Success: CXLSwap is flushed.
# ./cxl create-region -V -G node
cxl region: cmd_create_region: created 2 regions
(done)
Command | Option | Description |
---|---|---|
enable-cxlcache | N/A | Enables SMDK CXL Cache function at runtime. |
disable-cxlcache | N/A | Disables SMDK CXL Cache function at runtime. |
check-cxlcache | N/A | Provides information about whether the SMDK CXL Cache is enabled and size of CXL Cache space currently in use. |
flush-cxlcache | N/A | Flushes all cached pages out from CXL cache pool.

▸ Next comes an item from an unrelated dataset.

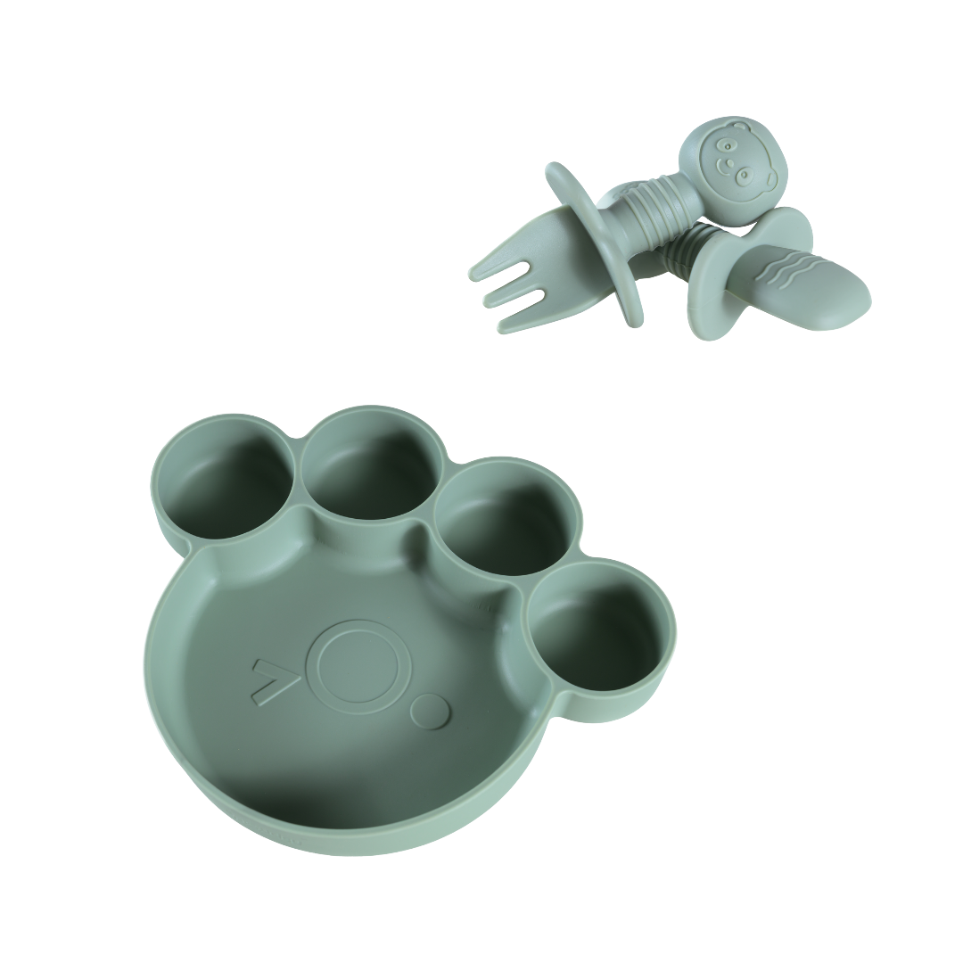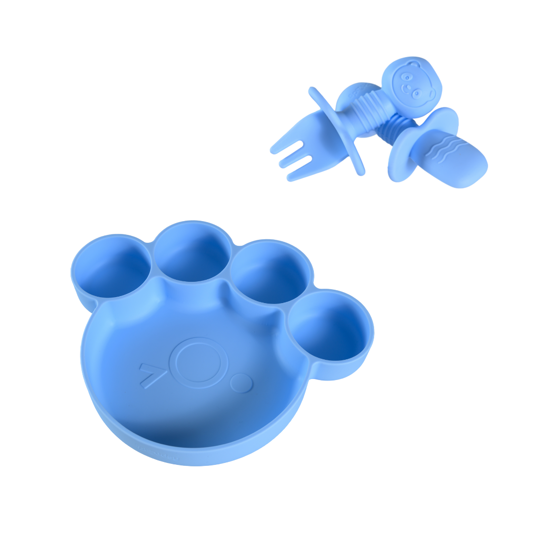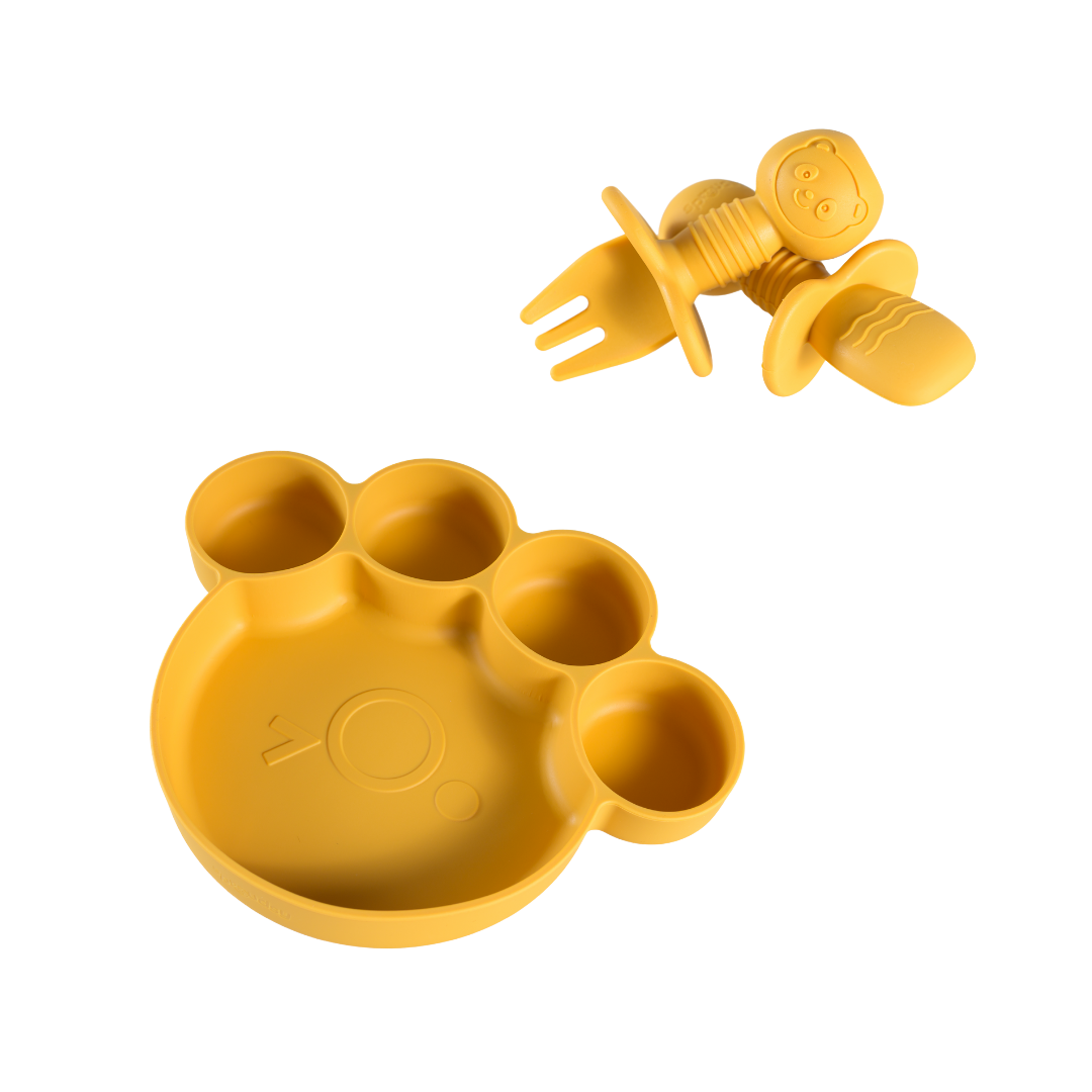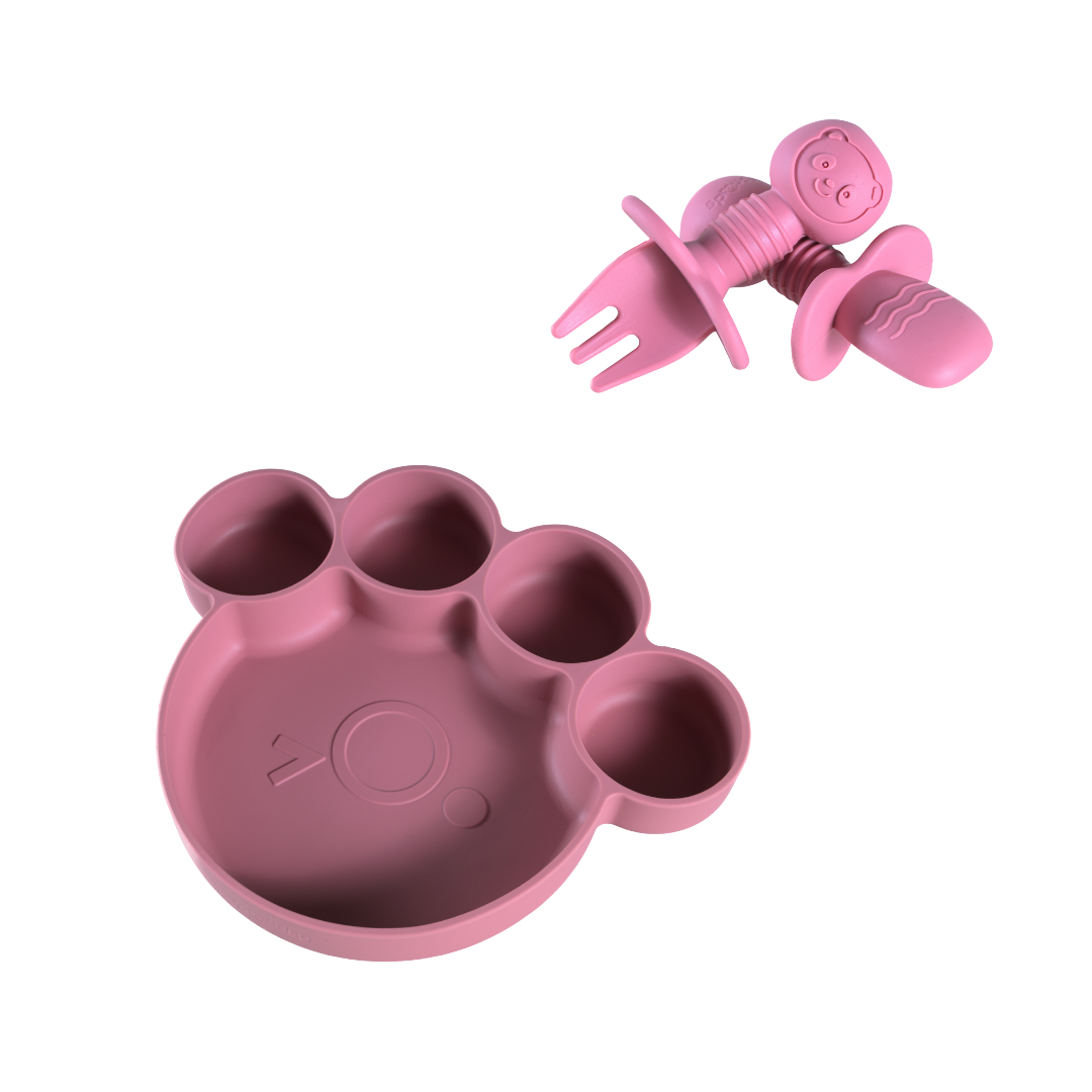 Van de eerste hapjes tot echte berenhonger: met onze Teddy Bear-lijn wordt elke maaltijd een knus avontuur. Het bord in pootjesvorm, het kommetje met oortjes en het bestek met schattige berengezichtjes maken eten leuk én herkenbaar.

Note: CXL Cache should be disabled before running this command. |
# ./cxl enable-cxlcache
Success: CXLCache is enabled.
# ./cxl check-cxlcache
CXLCache: enabled
CXLCache Used : 0 kB
CXLCache Pages : 0
# ./cxl disable-cxlcache
Success: CXLCache is disabled.
# ./cxl check-cxlcache
CXLCache: disabled
# ./cxl disable-cxlcache && ./cxl flush-cxlcache
Success: CXLCache is disabled.
Success: CXLCache is flushed.
Command | Option | Description |
---|---|---|
get-latency-matrix |
[<options>] --size <MB>: size(range) of test buffer in MiBs (default: 20000MiB) --stride <B>: stride length in bytes (default: 64B). This value cannot be larger than the size --random: to measure latencies with random access (default: sequential access) --no-change-prefetcher: not to change hw prefetcher before starting test (default: turn-off hw prefetcher before test) --iteration <n>: iterate n times (default: iterate only 1 time) |
Measures and reports the latency between memory initiator node(s) and target node(s). |
#./cxl get-latency-matrix
Numa node (unit: ns)
Numa node 0 1 2
0 ......
1 ......
The tests below are to check whether the standard heap allocation APIs such as malloc, calloc, realloc, posix_memalign, etc., are properly working in SMDK compatible path.
1. run_heap_test.sh
Command lines
$ cd /path/to/SMDK/src/test/heap_allocator/comp_api_c
$ ./run_heap_test.sh <-e | -n>
(Example) $ ./run_heap_test.sh -e
Options
Options | Desc. |
---|---|
-e | Gives CXL memory a priority. |
-n | Gives DRAM a priority. |
Result
......
prio = [normal->exmem]
exmem_size = 1000 normal_size = 1000
maxmemory_policy = interleave
malloc: 0x7f8494b00900
free: 0x7f8494b00900
calloc: 0x7f8494b00940
free: 0x7f8494b00940
malloc: 0x7f8494b00ec0
realloc: 0x7f8494100880
free: 0x7f8494100880
posix_memalign: 0x7f8495009010
free: 0x7f8495009010
2. run_multi_thread.sh
Command lines
$ cd /path/to/SMDK/src/test/heap_allocator/comp_api_c
$ ./run_multi_thread.sh [options...]
(Example) $ ./run_multi_thread.sh size 1024 iter 1000 nthreads 4
Options
Options | Desc. | Default |
---|---|---|
size <byte> | Memory allocation size(bytes) per a request. | 1024 |
iter <n> | Number of times memory allocation requests are repeated. | 1048576 |
nthreads <n> | Number of threads to run specified tests. | 10 |
Result
*** use_adaptive_interleaving is disabled
g_arena_pool[0].nr_arena=64
g_arena_pool[0].type_mem=normal
......
[TEST START] smdk compatible API multi-thread malloc test
[TEST PARAMETERS] size=4096 iter=1000 nthreads=4
thread 1 start
thread 2 start
thread 3 start
thread 4 start
thread 4 done
thread 3 done
thread 2 done
thread 1 done
To verify the SMDK allocator can be configured properly, several test cases with different memory allocating configurations are provided. These include usage of CXL memory, memory capacities(size), priorities, usage of auto arena scaling, memory allocation policies when all memory of the specified size has been allocated, and set CXL.mem devices' interleaving and binding policies. (exmem_partition_range)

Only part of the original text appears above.